• Source information:
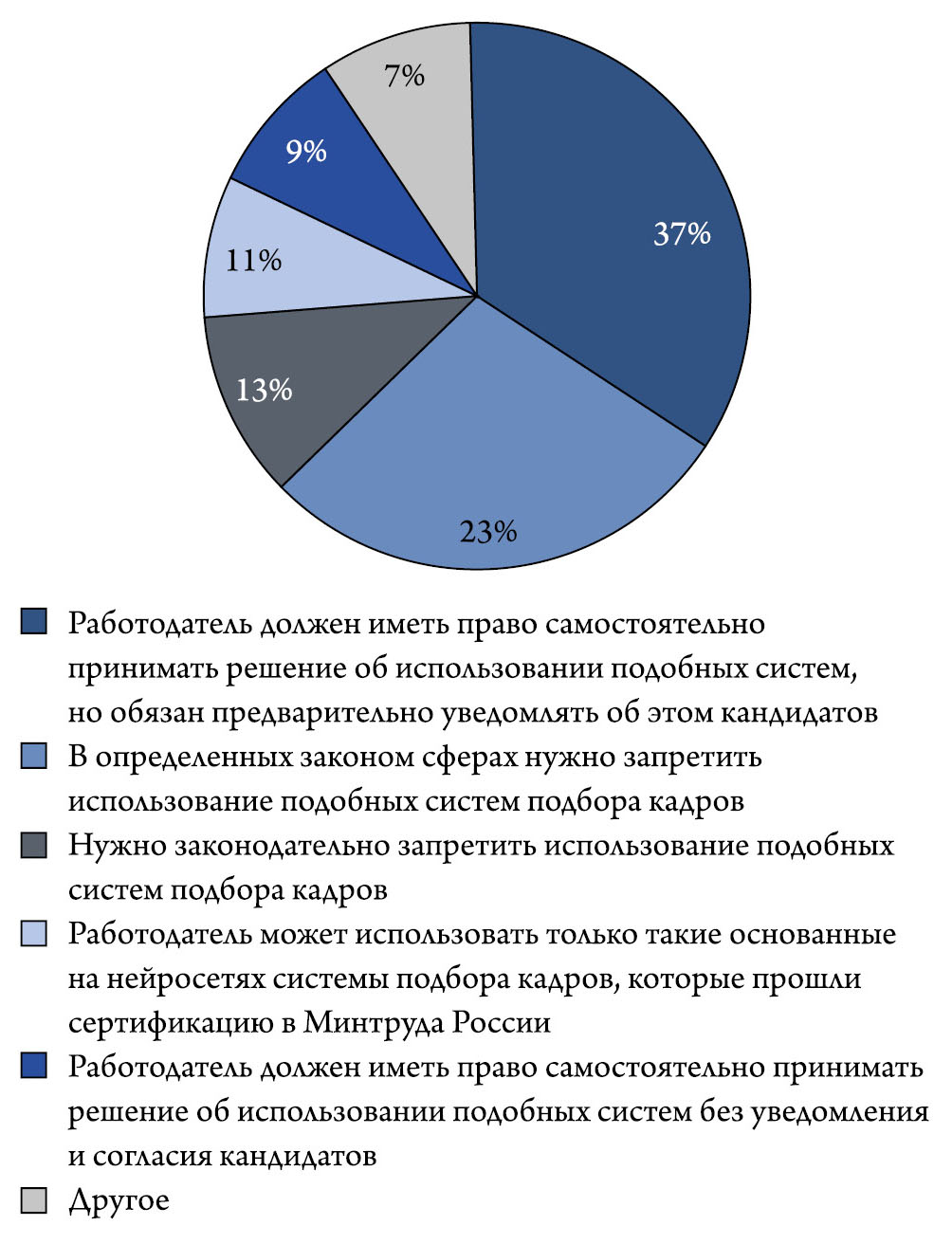 Понимая опасность таких последствий, авторы настоящего исследования поставили перед респондентами следующий вопрос: «Нужно ли законодательно закрепить отдельное право кандидата требовать, чтобы его кандидатура рассматривалась сотрудником кадровой службы, а не автоматизированной HR-системой?». При этом мы учитывали, что ст. 16 Федерального закона от 27 июля 2006 г. № 152-ФЗ «О персональных данных» (ред. от 06.02.2023) запрещает принятие юридически значимых решений в отношении субъекта персональных данных на основании исключительно автоматизированной обработки его персональных данных, поскольку такие решения порождают юридические последствия или иным образом затрагивают права и законные интересы субъекта персональных данных. Исключения предусмотрены только для тех случаев, когда имеется письменное согласие субъекта персональных данных «или в случаях, предусмотренных федеральными законами, устанавливающими также меры по обеспечению соблюдения прав и законных интересов субъекта персональных данных» (п. 2 ст. 16).
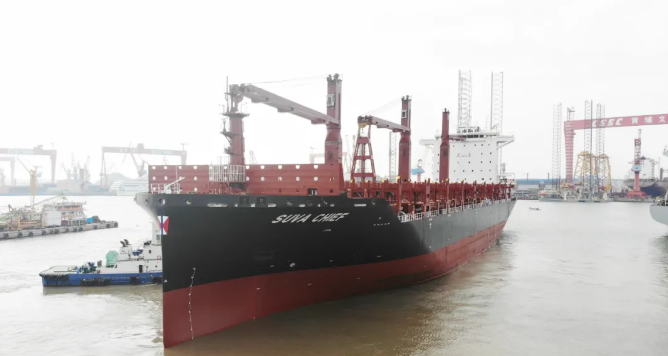 1月4日上午,交付的“SUVA CHIEF”号,这是黄埔文冲携手中船贸易为新加坡太古公司建造的2750TEU集装箱船3号船。
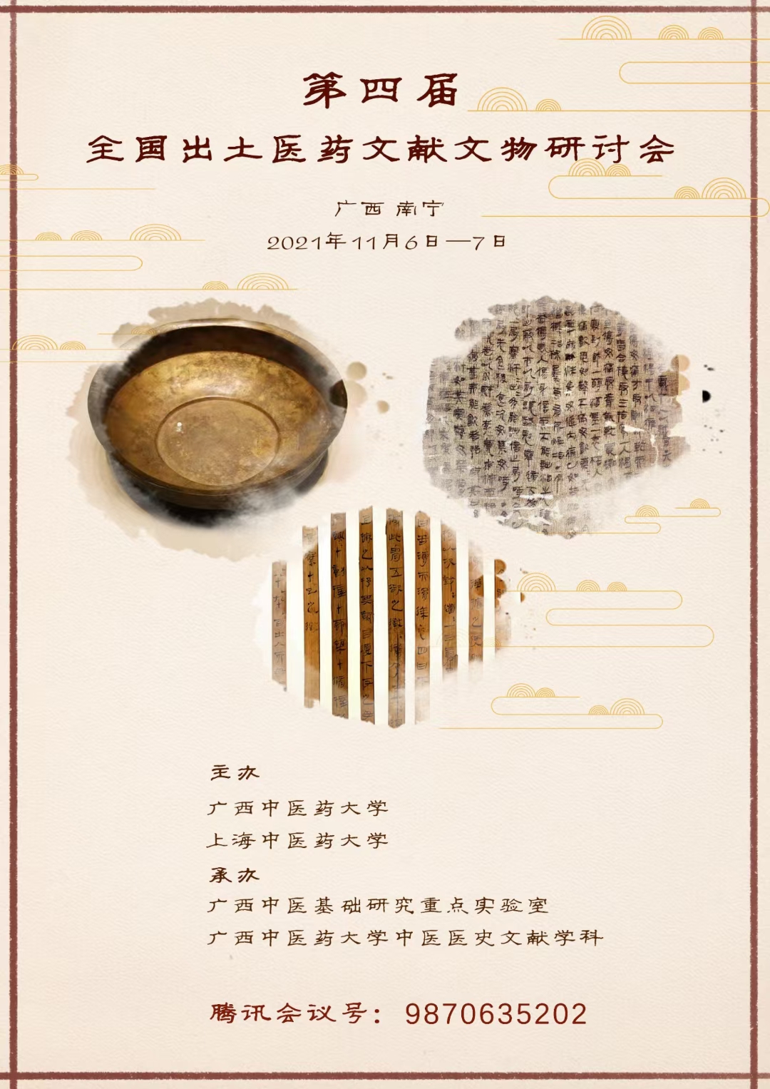 第四届全国出土医药文物文献研讨会在beat365顺利召开 发布时间:2023-05-08 14:27:53 浏览次数: 次 【字体:小 大】 来源:本站原创 作者:医古文教研室 发布时间:2021-12-07 15:41:50 浏览次数:54 次 【字体:小 大】 2021年11月6日-7日,第四届全国出土医药文献文物研讨会在beat365召开。会议由beat365与上海中医药大学联合主办,广西中医基础研究重点实验室与beat365官方网站中医医史文献学科承办。医古文教研室承担了会议组织工作。 会议邀请了来自中国社科院、中国文化遗产研究院、中国中医科学院、清华、复旦等多所科研单位、文博院所及高校学者专家作相关学术报告。beat365部分师生通过网络直播或现场旁听的形式参与会议。会议报告内容丰富,精彩纷呈,令与会师生受益匪浅。会议宣传海报 分享到: 【打印正文】
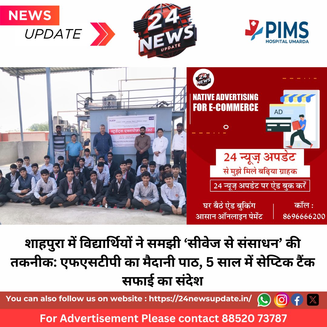24 News Update शाहपुरा। शाहपुरा में स्वच्छता और तकनीक का अनूठा संगम देखने को मिला, जब 21 फरवरी 2026 को छात्रों ने जहाजपुर रोड स्थित निर्माणाधीन फीकल स्लज ट्रीटमेंट प्लांट (एफएसटीपी) का शैक्षणिक भ्रमण किया। यह कार्यक्रम राजस्थान नगरीय आधारभूत विकास परियोजना (आरयूआईडीपी) के सामुदायिक जागरूकता एवं जन सहभागिता अभियान के तहत आयोजित किया गया। तकनीक की जमीनी समझआदर्श विद्या मंदिर उच्च माध्यमिक विद्यालय गांधी नगर के विद्यार्थियों को नगर पालिका के कनिष्ठ अभियंता प्रहलाद गुलपारिया ने एफएसटीपी की कार्यप्रणाली विस्तार से समझाई। छात्रों ने प्लांट की प्रमुख इकाइयों—प्राइमरी ट्रीटमेंट यूनिट, एमबीआर (मेम्ब्रेन बायोरिएक्टर), स्टेबलाइजेशन टैंक, स्क्रू प्रेस और स्लज ड्रायर—की तकनीकी भूमिका को नजदीक से जाना। उन्हें बताया गया कि घरों से निकला फीकल स्लज वैज्ञानिक प्रक्रिया से गुजरकर कैसे सुरक्षित निपटान और उपयोगी उत्पाद में बदला जाता है। सेप्टिक टैंक सफाई की प्रक्रिया और शुल्कजयपुर कैप इकाई के डिप्टी टीम लीडर अनिल सिंह ने विद्यार्थियों को जानकारी दी कि शहरवासी अपने सेप्टिक टैंक या शोकपिट की सफाई नगर पालिका में निर्धारित 1500 रुपये शुल्क जमा करवा कर करवा सकते हैं। उपचारित स्लज को खाद के रूप में खेतों में उपयोग किया जाएगा, जिससे गंदगी और खुले निस्तारण की समस्या से राहत मिलेगी तथा पर्यावरण स्वच्छ रहेगा। उन्होंने विद्यार्थियों से अपील की कि वे अपने परिवारों को प्रेरित करें कि सेप्टिक टैंक हर पांच वर्ष में अनिवार्य रूप से खाली करवाएं। इस संबंध में जानकारी और सेवा के लिए टोल-फ्री नंबर 18002578182 उपलब्ध है। स्वच्छता और जनजागरूकता पर जोरकैप इकाई के सीएमई सौरभ पाण्डे ने एफएसटीपी के पर्यावरणीय और स्वास्थ्य संबंधी लाभों पर प्रकाश डाला तथा व्यक्तिगत स्वच्छता के महत्व को रेखांकित किया। कार्यक्रम में सहायक सामाजिक विकास एवं जेंडर स्पॉट अधिकारी महेंद्र सिंह राणावत सहित विद्यालय के अनेक छात्र-छात्राओं ने सक्रिय भागीदारी की। ‘वेस्ट टू वैल्यू’ की दिशा में कदमएफएसटीपी जैसी परियोजनाएं शहरी स्वच्छता प्रबंधन को वैज्ञानिक आधार देती हैं—जहां अपशिष्ट को संसाधन में बदला जाता है। शाहपुरा में आयोजित यह भ्रमण न केवल तकनीकी शिक्षा का हिस्सा बना, बल्कि विद्यार्थियों के माध्यम से घर-घर स्वच्छता का संदेश पहुंचाने की पहल भी साबित हुआ। Share this: Share on X (Opens in new window) X Share on Facebook (Opens in new window) Facebook More Email a link to a friend (Opens in new window) Email Share on WhatsApp (Opens in new window) WhatsApp Like this:Like Loading... Related Discover more from 24 News Update Subscribe to get the latest posts sent to your email. Type your email… Subscribe Post navigation कोठारी नदी में पुलिस की दबिश: अवैध बजरी खनन पर ताला, 2 ट्रैक्टर–1 जेसीबी जब्त,चालक फरार बारां पुलिस की बड़ी कार्रवाई: 40 करोड़ के अवैध पटा
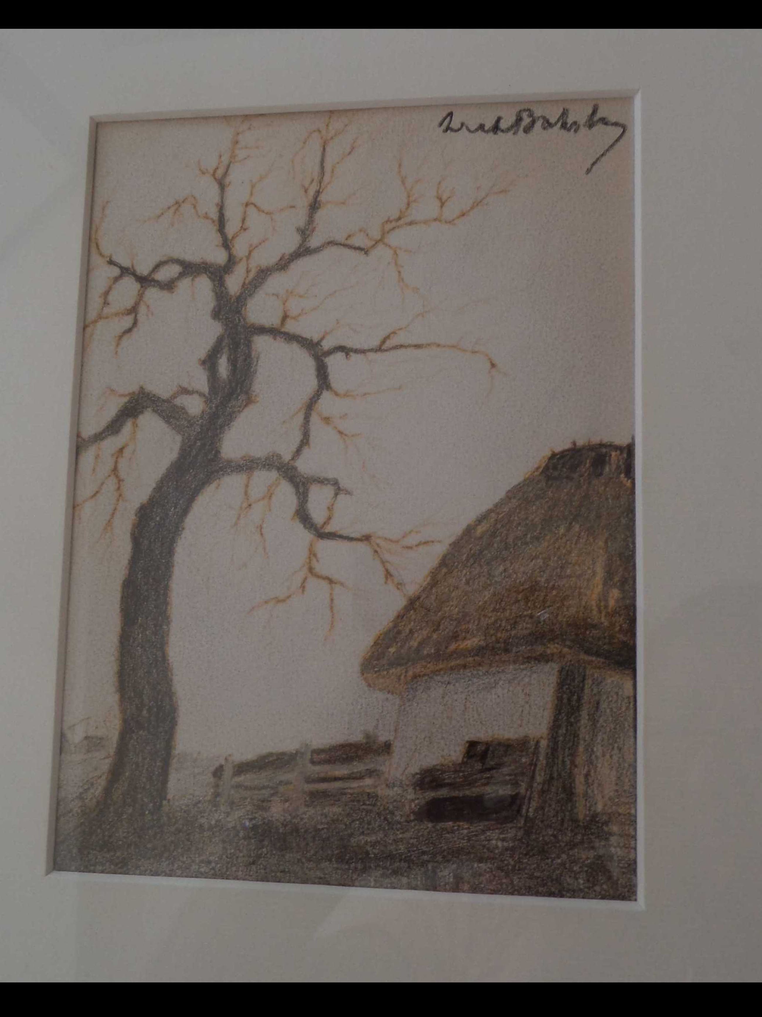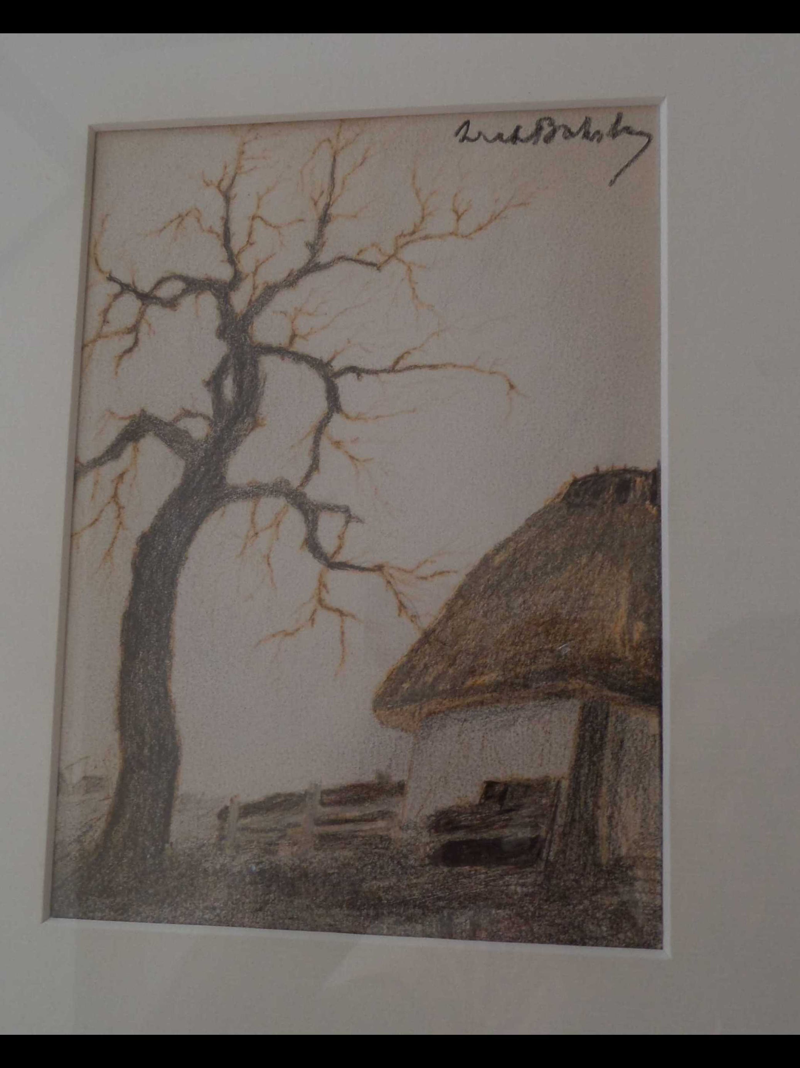 DIRK BAKSTEEN GEBOREN IN 1886 IN ROTTERDAM GESTORVEN IN 1971 IN ANTWERPEN ORIGINELE POTLOOD TEKENING DIRK BAKSTEEN MET BRUINE POTLOOD BIJGEKLEURD RECHTS BOVEN POTLOOD GESIGNEERD ZIT NOG IN DE ORIGINELE LIJST TEKENING EN LIJST IN GOEDE STAAT ACHTERKANT VERMELD DIRK BAKSTEEN "HOEVE" POTLOODTEKENING

• Work instructions:
Please produce an exact copy of all the material, leaving out the pictures.

• Solution:
 Понимая опасность таких последствий, авторы настоящего исследования поставили перед респондентами следующий вопрос: «Нужно ли законодательно закрепить отдельное право кандидата требовать, чтобы его кандидатура рассматривалась сотрудником кадровой службы, а не автоматизированной HR-системой?». При этом мы учитывали, что ст. 16 Федерального закона от 27 июля 2006 г. № 152-ФЗ «О персональных данных» (ред. от 06.02.2023) запрещает принятие юридически значимых решений в отношении субъекта персональных данных на основании исключительно автоматизированной обработки его персональных данных, поскольку такие решения порождают юридические последствия или иным образом затрагивают права и законные интересы субъекта персональных данных. Исключения предусмотрены только для тех случаев, когда имеется письменное согласие субъекта персональных данных «или в случаях, предусмотренных федеральными законами, устанавливающими также меры по обеспечению соблюдения прав и законных интересов субъекта персональных данных» (п. 2 ст. 16).
 1月4日上午,交付的“SUVA CHIEF”号,这是黄埔文冲携手中船贸易为新加坡太古公司建造的2750TEU集装箱船3号船。
 第四届全国出土医药文物文献研讨会在beat365顺利召开 发布时间:2023-05-08 14:27:53 浏览次数: 次 【字体:小 大】 来源:本站原创 作者:医古文教研室 发布时间:2021-12-07 15:41:50 浏览次数:54 次 【字体:小 大】 2021年11月6日-7日,第四届全国出土医药文献文物研讨会在beat365召开。会议由beat365与上海中医药大学联合主办,广西中医基础研究重点实验室与beat365官方网站中医医史文献学科承办。医古文教研室承担了会议组织工作。 会议邀请了来自中国社科院、中国文化遗产研究院、中国中医科学院、清华、复旦等多所科研单位、文博院所及高校学者专家作相关学术报告。beat365部分师生通过网络直播或现场旁听的形式参与会议。会议报告内容丰富,精彩纷呈,令与会师生受益匪浅。会议宣传海报 分享到: 【打印正文】
24 News Update शाहपुरा। शाहपुरा में स्वच्छता और तकनीक का अनूठा संगम देखने को मिला, जब 21 फरवरी 2026 को छात्रों ने जहाजपुर रोड स्थित निर्माणाधीन फीकल स्लज ट्रीटमेंट प्लांट (एफएसटीपी) का शैक्षणिक भ्रमण किया। यह कार्यक्रम राजस्थान नगरीय आधारभूत विकास परियोजना (आरयूआईडीपी) के सामुदायिक जागरूकता एवं जन सहभागिता अभियान के तहत आयोजित किया गया। तकनीक की जमीनी समझआदर्श विद्या मंदिर उच्च माध्यमिक विद्यालय गांधी नगर के विद्यार्थियों को नगर पालिका के कनिष्ठ अभियंता प्रहलाद गुलपारिया ने एफएसटीपी की कार्यप्रणाली विस्तार से समझाई। छात्रों ने प्लांट की प्रमुख इकाइयों—प्राइमरी ट्रीटमेंट यूनिट, एमबीआर (मेम्ब्रेन बायोरिएक्टर), स्टेबलाइजेशन टैंक, स्क्रू प्रेस और स्लज ड्रायर—की तकनीकी भूमिका को नजदीक से जाना। उन्हें बताया गया कि घरों से निकला फीकल स्लज वैज्ञानिक प्रक्रिया से गुजरकर कैसे सुरक्षित निपटान और उपयोगी उत्पाद में बदला जाता है। सेप्टिक टैंक सफाई की प्रक्रिया और शुल्कजयपुर कैप इकाई के डिप्टी टीम लीडर अनिल सिंह ने विद्यार्थियों को जानकारी दी कि शहरवासी अपने सेप्टिक टैंक या शोकपिट की सफाई नगर पालिका में निर्धारित 1500 रुपये शुल्क जमा करवा कर करवा सकते हैं। उपचारित स्लज को खाद के रूप में खेतों में उपयोग किया जाएगा, जिससे गंदगी और खुले निस्तारण की समस्या से राहत मिलेगी तथा पर्यावरण स्वच्छ रहेगा। उन्होंने विद्यार्थियों से अपील की कि वे अपने परिवारों को प्रेरित करें कि सेप्टिक टैंक हर पांच वर्ष में अनिवार्य रूप से खाली करवाएं। इस संबंध में जानकारी और सेवा के लिए टोल-फ्री नंबर 18002578182 उपलब्ध है। स्वच्छता और जनजागरूकता पर जोरकैप इकाई के सीएमई सौरभ पाण्डे ने एफएसटीपी के पर्यावरणीय और स्वास्थ्य संबंधी लाभों पर प्रकाश डाला तथा व्यक्तिगत स्वच्छता के महत्व को रेखांकित किया। कार्यक्रम में सहायक सामाजिक विकास एवं जेंडर स्पॉट अधिकारी महेंद्र सिंह राणावत सहित विद्यालय के अनेक छात्र-छात्राओं ने सक्रिय भागीदारी की। ‘वेस्ट टू वैल्यू’ की दिशा में कदमएफएसटीपी जैसी परियोजनाएं शहरी स्वच्छता प्रबंधन को वैज्ञानिक आधार देती हैं—जहां अपशिष्ट को संसाधन में बदला जाता है। शाहपुरा में आयोजित यह भ्रमण न केवल तकनीकी शिक्षा का हिस्सा बना, बल्कि विद्यार्थियों के माध्यम से घर-घर स्वच्छता का संदेश पहुंचाने की पहल भी साबित हुआ। Share this: Share on X (Opens in new window) X Share on Facebook (Opens in new window) Facebook More Email a link to a friend (Opens in new window) Email Share on WhatsApp (Opens in new window) WhatsApp Like this:Like Loading... Related Discover more from 24 News Update Subscribe to get the latest posts sent to your email. Type your email… Subscribe Post navigation कोठारी नदी में पुलिस की दबिश: अवैध बजरी खनन पर ताला, 2 ट्रैक्टर–1 जेसीबी जब्त,चालक फरार बारां पुलिस की बड़ी कार्रवाई: 40 करोड़ के अवैध पटा
 DIRK BAKSTEEN GEBOREN IN 1886 IN ROTTERDAM GESTORVEN IN 1971 IN ANTWERPEN ORIGINELE POTLOOD TEKENING DIRK BAKSTEEN MET BRUINE POTLOOD BIJGEKLEURD RECHTS BOVEN POTLOOD GESIGNEERD ZIT NOG IN DE ORIGINELE LIJST TEKENING EN LIJST IN GOEDE STAAT ACHTERKANT VERMELD DIRK BAKSTEEN "HOEVE" POTLOODTEKENING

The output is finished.